EXERCISE PROMPT => Working from the records below, repeat exactly the lines starting at the line that contains "a circular pool" and ending at the line that contains "The US dollar", inclusive.

MATERIAL SHOWN =>
=== Begin Enclosure ===
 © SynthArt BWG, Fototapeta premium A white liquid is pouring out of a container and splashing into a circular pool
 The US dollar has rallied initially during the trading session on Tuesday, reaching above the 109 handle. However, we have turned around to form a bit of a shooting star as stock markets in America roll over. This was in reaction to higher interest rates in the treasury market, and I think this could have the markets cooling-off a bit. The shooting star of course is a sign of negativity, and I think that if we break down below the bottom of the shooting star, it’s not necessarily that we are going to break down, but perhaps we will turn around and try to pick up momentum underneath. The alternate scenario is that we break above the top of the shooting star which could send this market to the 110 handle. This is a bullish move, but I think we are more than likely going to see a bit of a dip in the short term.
=== End Enclosure ===
=== Begin Enclosure ===
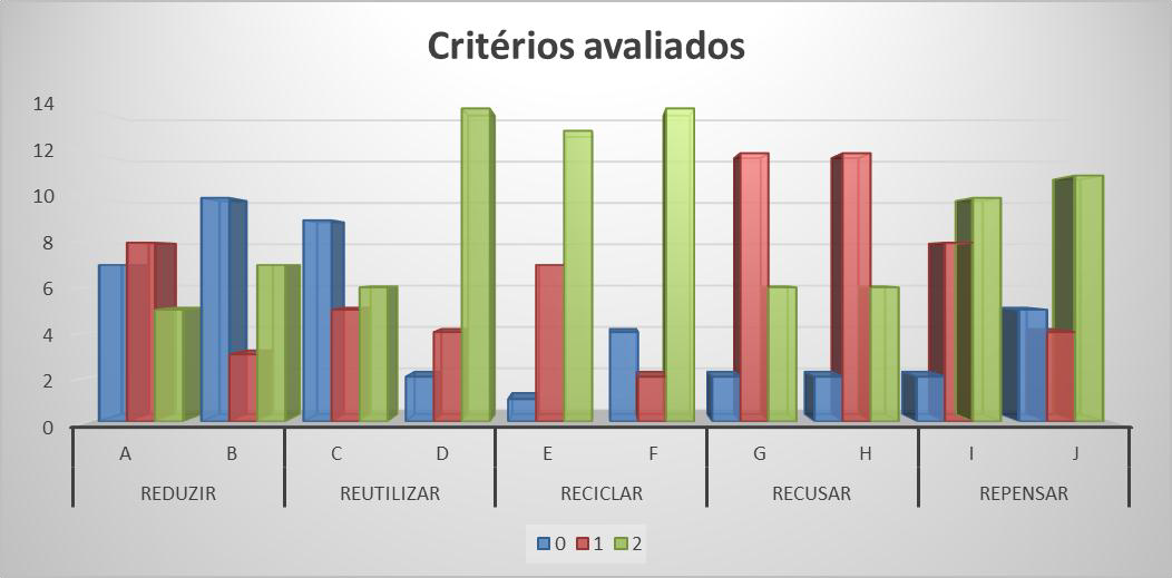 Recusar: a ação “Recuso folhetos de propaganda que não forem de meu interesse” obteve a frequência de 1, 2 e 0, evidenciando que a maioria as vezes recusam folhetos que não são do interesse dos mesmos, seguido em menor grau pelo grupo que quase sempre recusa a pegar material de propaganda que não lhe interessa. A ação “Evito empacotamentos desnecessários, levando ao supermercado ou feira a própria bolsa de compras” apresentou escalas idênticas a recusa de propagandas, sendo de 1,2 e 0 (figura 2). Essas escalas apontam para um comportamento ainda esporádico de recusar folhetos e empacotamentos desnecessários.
=== End Enclosure ===
=== Begin Enclosure ===
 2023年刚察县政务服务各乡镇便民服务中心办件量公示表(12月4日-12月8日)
=== End Enclosure ===
SOLUTION FOR THIS PROBLEM =>
 © SynthArt BWG, Fototapeta premium A white liquid is pouring out of a container and splashing into a circular pool
 The US dollar has rallied initially during the trading session on Tuesday, reaching above the 109 handle. However, we have turned around to form a bit of a shooting star as stock markets in America roll over. This was in reaction to higher interest rates in the treasury market, and I think this could have the markets cooling-off a bit. The shooting star of course is a sign of negativity, and I think that if we break down below the bottom of the shooting star, it’s not necessarily that we are going to break down, but perhaps we will turn around and try to pick up momentum underneath. The alternate scenario is that we break above the top of the shooting star which could send this market to the 110 handle. This is a bullish move, but I think we are more than likely going to see a bit of a dip in the short term.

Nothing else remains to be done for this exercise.